Determining the useful/relevant rules for 2-sided recognition was complicated at times. I ended up drawing my PLLs (in MS Paint...never again!), and then sat down with a bunch of cubes and did a a ton of other PLLs, cross referencing each angle of each case. For example, "This case X has feature Y... what other PLLs have that too, and of those, what are the differences?". I could have done the comparisons just by looking at my other last layer images, but I wanted the applied practice of working it all out on the cube, so that it might stick in my memory more easily. Part of the difficulty was trying to determine what set of rules to use - for example, I didn't use the headlights-with-opposite-colors (that you observe and use in your video) as a feature, though it's a perfectly sound approach too, and could perhaps have simplified a few of my descriptions. I was aiming for as few rules as possible, and ones that do not permit exceptions.

The aspect of my guide I'm finding most helpful in my practice is the comparisons I did with other PLLs that share similar features with the PLL case under examination. Working on this is helping me eliminate non-relevant cases when I hit the PLL stage in a solve. So I am applying positive and negative knowledge to speed recognition.

I'm also working on making flashcards with all of the info on them (for the Flashcards Deluxe app - I wish I knew how to write apps...). Hopefully done soon.


----------



## Parity Case (May 29, 2014)

*V2.0 released*
http://tinyurl.com/lbssdpk

Key changes in V2.0

• Improved aesthetics (logo, cover, color, etc.)
• Simplified some descriptions
• Changed title slightly
• Minor typos and image problems fixed
• Added in-document hyperlinks (Click logos to return to Contents page; Contents page links to each section, and to each PLL)
• Added external hyperlinks in Credits and Resources page
• Updated Parity Case Cubing website and contact info


----------



## Lazy Einstein (May 29, 2014)

Cool. I am trying to improve PLL recognition as we speak. I look it over and give you my feedback.


----------



## Parity Case (May 30, 2014)

Lazy Einstein said:


> Cool. I am trying to improve PLL recognition as we speak. I look it over and give you my feedback.



Super - I'd be grateful for that. I hope it helps!

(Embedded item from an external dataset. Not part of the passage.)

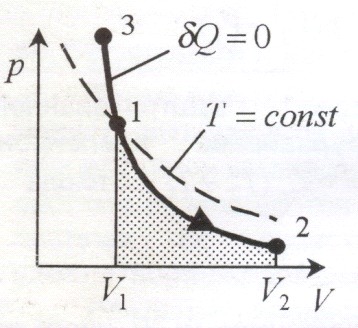 ). Это объясняется тем, что при адиабатическом сжатии 1-3 увеличение давления газа обусловлено не только уменьшением его объема, но и повышением температуры.

As I'm working on a few other guides (less complex, thank goodness!), I'd be interested to know whether the internal hyperlinks (e.g. logos that link to contents page; PLL links on Contents page) throughout are beneficial. That took a fair bit of work, but if they improve accessibility, I'll use a similar technique in the other guides where relevant. Making guides is improving my PowerPoint skills, that's for sure...


----------